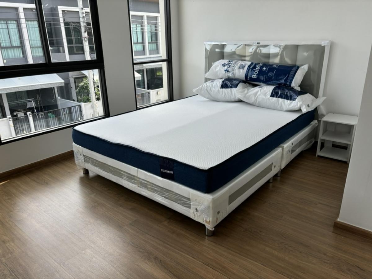 เฟอร์ใหม่ทั้งหลัง ปล่อยเช่าครั้งแรก มีแอร์แล้ว 3 ตัว, ตู้เย็น 1 ตัว ห้องรับแขกมีโซฟา 1 ตัว ในครัวมีเครื่องดูดควัน ห้องน้ำชั้น2ติดตัังเครื่องทำน้ำอุ่นแล้ว จอดรถในบ้าน 1 คัน หน้าบ้านอีก 1 คัน ส่วนกลางครบครัน
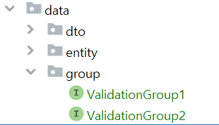 검증 그룹은 별다른 내용이 없는 마커 인터페이스를 생성해서 사용합니다. 실습을 위해 data 패키지 내 group 패키지를 생성하고 ValidationGroup1과 ValidationGroup2라는 인터페이스를 생성합니다. 두 인터페이스 모두 내부 코드는 없으며, 인터페이스만 생성해서 그룹화하는 용도로 사용합니다.
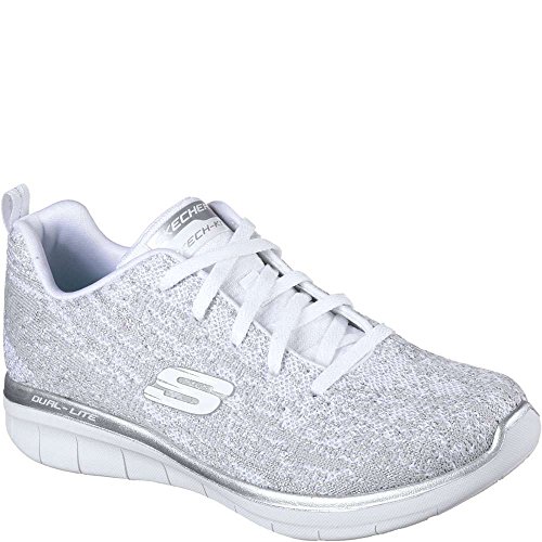 Binding : Apparel Product Description SKECHERS Women's Synergy 2_0 All That Glitters cross-trainer walking shoes feature a nearly one piece soft athletic knit fabric upper. Lace-up front for a secure fit. Padded collar and tongue. Soft mesh fabric shoe lining. Air Cooled Memory Foam cushioned comfort insole. Shock absorbing Dual Lite supportive lightweight midsole. Flexible rubber traction outsole design with multi direction flexibility. 1 inch built in heel. 0
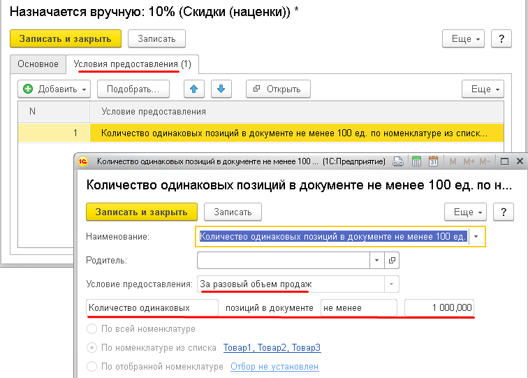 Затем, в документе реализации должны соблюдаться условия скидки для этого клиента (если условия скидки составные, т.е. состоят из нескольких условий, то должны соблюдаться все условия). В нашем примере это сумма покупки >>= 10000 руб. плюс покупка в воскресенье с 10 до 12 часов.

● **REQUIRED ACTION**: Copy out every line of the material above precisely, omitting the pictures.

● **SOLUTION FOR THIS PROBLEM**:
 เฟอร์ใหม่ทั้งหลัง ปล่อยเช่าครั้งแรก มีแอร์แล้ว 3 ตัว, ตู้เย็น 1 ตัว ห้องรับแขกมีโซฟา 1 ตัว ในครัวมีเครื่องดูดควัน ห้องน้ำชั้น2ติดตัังเครื่องทำน้ำอุ่นแล้ว จอดรถในบ้าน 1 คัน หน้าบ้านอีก 1 คัน ส่วนกลางครบครัน
 검증 그룹은 별다른 내용이 없는 마커 인터페이스를 생성해서 사용합니다. 실습을 위해 data 패키지 내 group 패키지를 생성하고 ValidationGroup1과 ValidationGroup2라는 인터페이스를 생성합니다. 두 인터페이스 모두 내부 코드는 없으며, 인터페이스만 생성해서 그룹화하는 용도로 사용합니다.
 Binding : Apparel Product Description SKECHERS Women's Synergy 2_0 All That Glitters cross-trainer walking shoes feature a nearly one piece soft athletic knit fabric upper. Lace-up front for a secure fit. Padded collar and tongue. Soft mesh fabric shoe lining. Air Cooled Memory Foam cushioned comfort insole. Shock absorbing Dual Lite supportive lightweight midsole. Flexible rubber traction outsole design with multi direction flexibility. 1 inch built in heel. 0
 Затем, в документе реализации должны соблюдаться условия скидки для этого клиента (если условия скидки составные, т.е. состоят из нескольких условий, то должны соблюдаться все условия). В нашем примере это сумма покупки >>= 10000 руб. плюс покупка в воскресенье с 10 до 12 часов.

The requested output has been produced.